The oil-price war led by Saudi Arabia and Russia means more pain for Saudi Aramco as producing nations prepare to boost supply/Bloomberg
by BloombergSaudi Aramco is slashing planned spending this year in the first sign that plunging demand and the oil-price war the Kingdom unleashed are hitting home.
The oil giant said that capital expenditure will be between $25 billion and $30 billion in 2020 and spending plans for next year and beyond are being reviewed. Saudi Aramco giant is lowering that range from the planned $35 billion to $40 billion announced in its initial public offering prospectus and compares with $32.8 billion in 2019.
Amin Nasser, Saudi Aramco’s Chief Executive Officer, said, “We have already taken steps to rationalise our planned 2020 capital spending.”
The oil-price war led by Saudi Arabia and Russia means more pain for Saudi Aramco as producing nations prepare to boost supply. Discounted pricing to markets already reeling from weak demand and crude that lost roughly half its value since the beginning of the year is likely to hit revenue further.
The coronavirus’ blow to oil use has overwhelmed the Organisation of Petroleum Exporting Countries’ (OPEC) initial optimism for demand this year, with analysts now expecting a drop in consumption. The OPEC+ group’s failure on 6 March 2020 to agree on further cuts is only exacerbating a glut as buyers search for storage tanks and vessels.
“Given the impact of the coronavirus pandemic on economic growth and demand, Aramco is adopting “a flexible approach to capital allocation,” said Nasser.
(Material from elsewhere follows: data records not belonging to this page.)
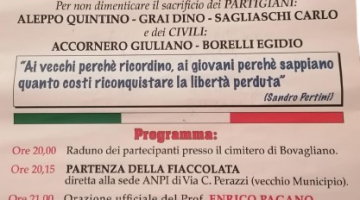 Il ritrovo è alle ore 10 al monumento partigiano di Noveis, dove, dopo i saluti del sindaco di Caprile Stefano Ferrian e del segretario del Comitato Anpi Valsessera Stefano Marabelli, sarà tenuta l’orazione ufficiale da Elisabetta Dellavalle, consigliera dell’Istorbive e membro del direttivo dell’Anpi città di Vercelli, sezione “Anna Marengo”.
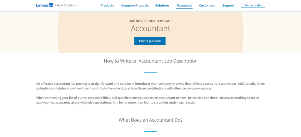 Opis stanowiska zoptymalizowanego pod kątem LinkedIn: Ponownie, konkurencja jest wysoka, więc niech to się liczy. LinkedIn oferuje pomocne wskazówki i szablony opisów stanowisk dla każdego stanowiska, o którym możesz pomyśleć (znajdziesz je na business.linkedin.com, w tym wiele innych przydatnych zasobów rekrutacyjnych).
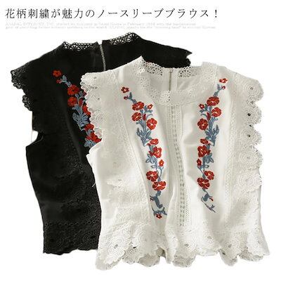 Chio'2ndタンクトップレディース花柄刺?レースブラウストップスノースリlーブブラウス透かしフリル袖Uネック薄ノースリーブブラウス大人通気性かわいいカジュアルシンプルゆったりおしゃれプルオーバーフェミニンエレガン | gizshop

Saudi Arabia, Russia and others intend to boost production once the current accord to lower output expires in March 2020. The Kingdom pledged to supply 25 per cent more oil in April than it produced in February and last week ordered Saudi Aramco to boost output capacity by one million barrels a day.
Saudi Aramco reiterated its plan to pay $75 billion in dividends this year. The company needs to balance its pledge to pay investors with spending on its upstream projects—maintaining oil production and expanding fields—and boosting its global refining and chemical operations—the downstream segment of the business.